Given that not every yard of field position is equally valuable, but rather those yards near the goal lines are worth more, as discussed in Romer (2006) and Burke (2008), the preferred unit of measure for punter value is *expected points added* (EPA). EPA can be computed in total or averaged per punt, starting from a table of EP values at each yard line; we generated such a table from the graph in Burke (2014a). EPA is a common unit that allows readily for comparisons among players at different positions, and it allows us to account for the value associated with turnovers. There were 81 fumbles by the receiving team in 2013, of which 63 occurred while attempting to catch the ball, with the remainder happening during returns. Receiving teams recovered their own fumbles two-thirds of the time, but 27 were recovered by the punting team.

## 3Multi-factor models

### 3.1Modeling post-bounce effects

##### Fig.14

To generate a model for post-bounce net yardage with two independent variables, landing point and fly distance, we apply a modified ridge estimator (d’Errico, 2005) to smooth the empirical data. This allows for modeling the resulting next line of scrimmage, a contour plot of which is shown in Fig. 14. On this plot, all points on a given dashed white line represent the same pre-punt field position. As we move up and left along a dashed line, the length of the punt increases (so the landing point yard-line decreases.) If the colored contour lines were parallel to the dashed white lines, this would indicate a zero net benefit to longer punts, in that the additional flight distance would be completely offset by longer returns.

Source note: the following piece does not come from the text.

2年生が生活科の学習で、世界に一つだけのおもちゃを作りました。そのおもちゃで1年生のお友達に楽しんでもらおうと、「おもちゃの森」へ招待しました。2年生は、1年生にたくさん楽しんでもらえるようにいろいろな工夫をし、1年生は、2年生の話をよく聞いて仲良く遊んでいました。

On the other hand, if the contour lines were vertical, then the expected line of scrimmage would be based solely on the landing point, independent of the flight distance. However, except in the left portion of the graph (where touchback effects are dominant), we observe that the contour lines are oriented neither vertically nor parallel to the dashed lines, but somewhere in between. Based on the slopes, we see that each extra yard of flight distance increases the expected punt return by about a half-yard, with the remaining half-yard being a net gain in field position.

From the pre-punt field position and actual fly distance, we can use the above model to determine the expected next line of scrimmage for a punt, removing coverage quality as a confounding variable and reducing randomness. If we compare this modeled result to expected effective net yardage based solely on field position, then we have a metric for expected yards added on that punt, i.e. EYA = actual downfield flight – (modeled post-bounce “return” + expected effective net distance). We can obtain an EPA model similarly, replacing distances by their associated changes in expected points (dependent not only on how many yards of field position, but also where on the field those changes occur).

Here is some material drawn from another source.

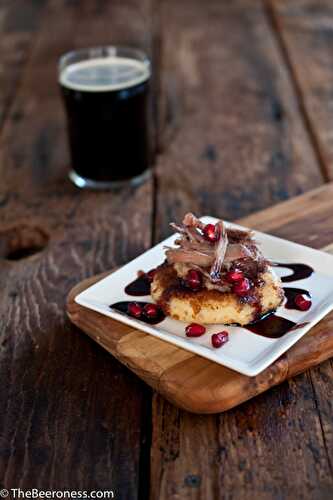Duck Confit on IPA Potato Cakes with Stout Pomegranate Sauce

We then seek to improve this model by considering factors in the control of the punter, namely the lateral landing point (measured by edge distance, the number of yards from the landing point to the nearest sideline) and the hang time. We first consider correlations between these factors and the residuals of the above model, on punts landing in particular regions (by yard-line), then use a two-fold cross validation procedure (Picard & Cook, 1984) with 10,000 repetitions to see which factors are predictive in various situations. Long-field punts and short-field punts often involve different kinds of kicking techniques, so we consider these cases separately. In experimenting with various thresholds for defining long-field punts, we found that including those where a touchback would require a punt of 60+ yards (i.e. the line of scrimmage is at or inside the punting team’s 40-yard-line) gave the most meaningful results.

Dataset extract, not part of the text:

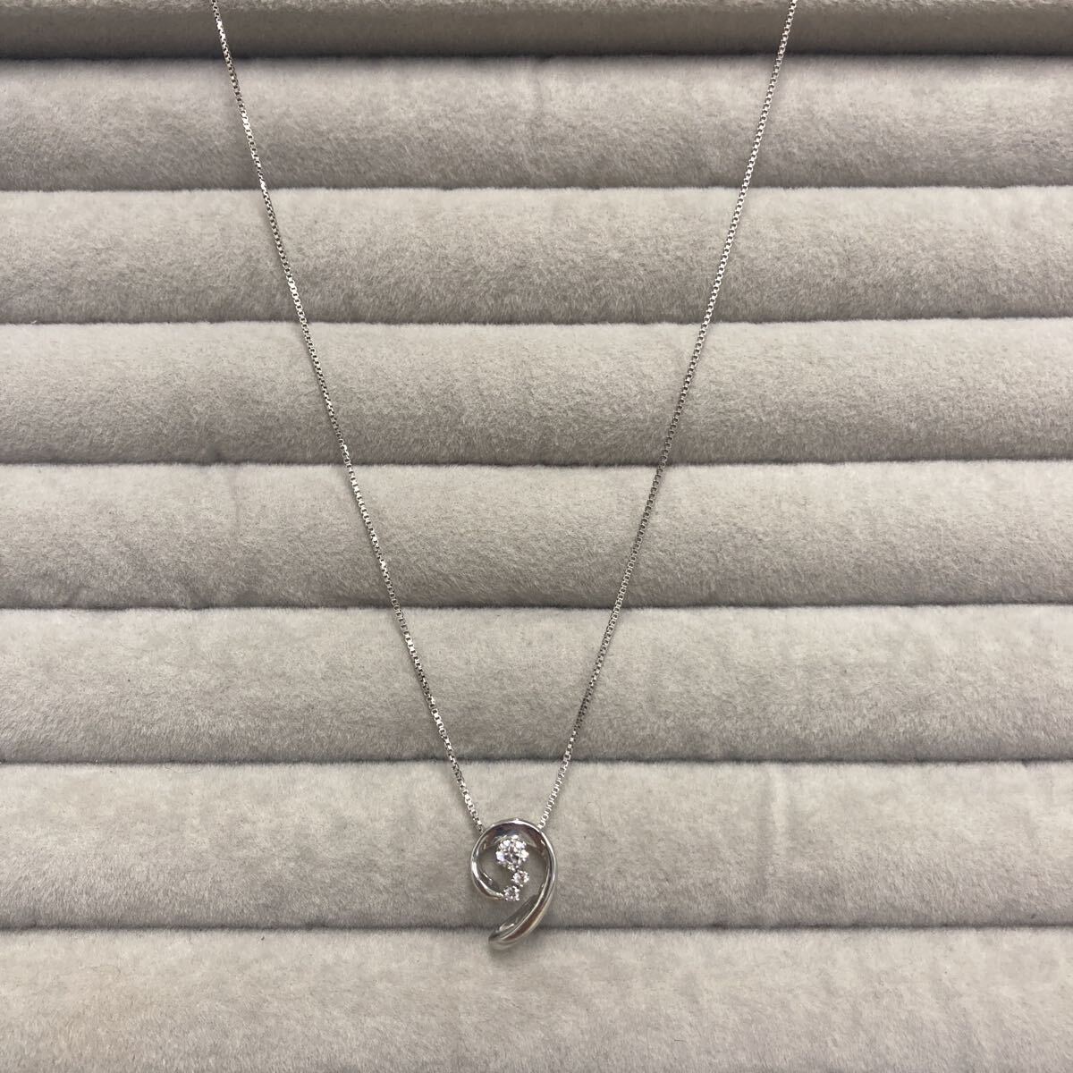 - K10WG ダイヤモンドネックレス 0.08ct ホワイトゴールド 40cm

Hang time is a predictive factor only on long-field punts landing in-bounds between the 10-yard-line and 30-yard-line, and the fit adjustment to EPA is 0.180 · *hangtime* – 0.798, with the constant term ensuring a mean value of zero across all punts. Comparing the hang time coefficient to the 0.557 EP change associated with yard of field position away from the end zones, we find that an extra second of hang time is worth just over three yards. We tested models that used hang time relative to expectations for the fly distance and/or landing point, since both are in the EPA model, but the results were quite similar, so we opted for simplicity.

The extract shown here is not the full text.